Einar lit a cigarette. He watched the journalists in animated conversation with Linda and Karen. Then he opened the door to his office. A tiny room where he could take a break or could sit and do his bookkeeping. Behind the office was a cold-storage room where he kept the food. He opened this door, too. For a while he stood, at a loss, staring into the narrow room. His anguished eyes rested on a large brown suitcase.
Chapter 7
The press descended like flies, behaving as though they owned the whole village. They were on the prowl, their mouths their weapons. Every one of them had their own point of view and an original headline which no-one else had thought of. They took dramatic photographs, which showed nothing at all because they had not been allowed close to the scene of the crime. Nonetheless, they had crawled on their stomachs and focused in on it through the rushes and the grass with their camera lenses. So that man's incomprehensible inhumanity to man could be portrayed in the form of white tarpaulin with a few withered flowers in the foreground. They had a huge talent for empathetic facial expressions and they perfectly understood people's need for their fifteen minutes of fame.

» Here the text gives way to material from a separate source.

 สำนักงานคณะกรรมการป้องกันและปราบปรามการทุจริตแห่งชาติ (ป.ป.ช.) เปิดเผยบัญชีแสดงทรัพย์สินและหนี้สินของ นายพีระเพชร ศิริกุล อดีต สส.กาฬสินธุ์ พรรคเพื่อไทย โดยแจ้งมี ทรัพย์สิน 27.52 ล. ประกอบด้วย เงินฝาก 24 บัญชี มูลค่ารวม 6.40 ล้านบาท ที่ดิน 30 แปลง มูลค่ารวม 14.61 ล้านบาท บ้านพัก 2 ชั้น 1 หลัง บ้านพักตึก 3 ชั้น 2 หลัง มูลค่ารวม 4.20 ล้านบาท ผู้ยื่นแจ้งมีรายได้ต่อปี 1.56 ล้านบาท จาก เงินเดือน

The young certainly appreciated the excitement. At last we've got something to look at, said Karen. Linda preferred the ones in uniform, reporters are so scruffy, she complained. They had stopped giggling. Both had acquired an expression of mature horror. They discussed the awful murder in subdued voices and were emphatic in their conviction that it could not have been committed by anyone from the village. They had lived there all their lives, after all, and knew everyone.
'Where were you around nine o'clock last night?' one of the journalists asked them. He watched their young faces as they retraced the hours.

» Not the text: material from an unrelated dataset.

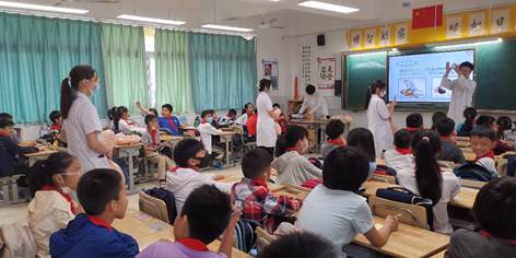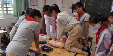 2020级全体学生在余立平、孟宪梅、喻惠丹老师的带领下来到湖北省武昌实验小学(东湖国际校区),并在国旗下讲话,介绍了心肺复苏进校园的重要性。并在随后的第一节课分成六组进班教学,两周共计完成了三、四两个年级550人的培训。通过这次活动,让孩子们掌握了急救知识、急救技能,根植了“见义智为”的意识,这不仅是一节通识课,更是一节鲜活的思政课。课程的知识目标、能力目标和价值目标完全体现。

'I was with her,' Linda said, pointing at Karen.
Karen nodded. 'You left at a quarter to nine. Why nine o'clock?' she said.
'The murder is supposed to have happened around nine o'clock,' the reporter told them. 'A shopkeeper who lives near the crime scene has said that he heard faint cries and the revving of an engine. Halfway through the evening news.'
Linda was saying nothing. You could tell that she was trawling through a myriad of thoughts. Then it came to her, what they had been giggling so foolishly about just now. When she had ridden home from Karen's, she had passed the meadow at Hvitemoen. She was back there now in her mind. Zooming along noiselessly on her bike. She had spotted a car parked on the roadside and had to swerve. Then she had glanced at the meadow and seen two people there. They were running after each other like in some giddy game, it was a man and a woman. He had caught her and pushed her over. She had seen arms and legs flail about violently and was suddenly really shaken because she had known at once what she was seeing. Two people who clearly wanted to have sex. Quite explicitly, in the open while she was going by on her bike and could see everything. She was both embarrassed and aroused at the sight, while feeling cross at the same time because she was still a virgin. A fear that she might die an old maid had nagged her for a long time. That was why she made sure she always behaved as if she was up for it. But those two people! Linda thought it through. The journalists were waiting. A disturbing idea came to her. What if they had not been playing at all? What if he was trying to catch her, if what she had seen was not a game, but the actual murder? It didn't look like a murder, though. The man ran after the woman. The woman fell. Arms and legs.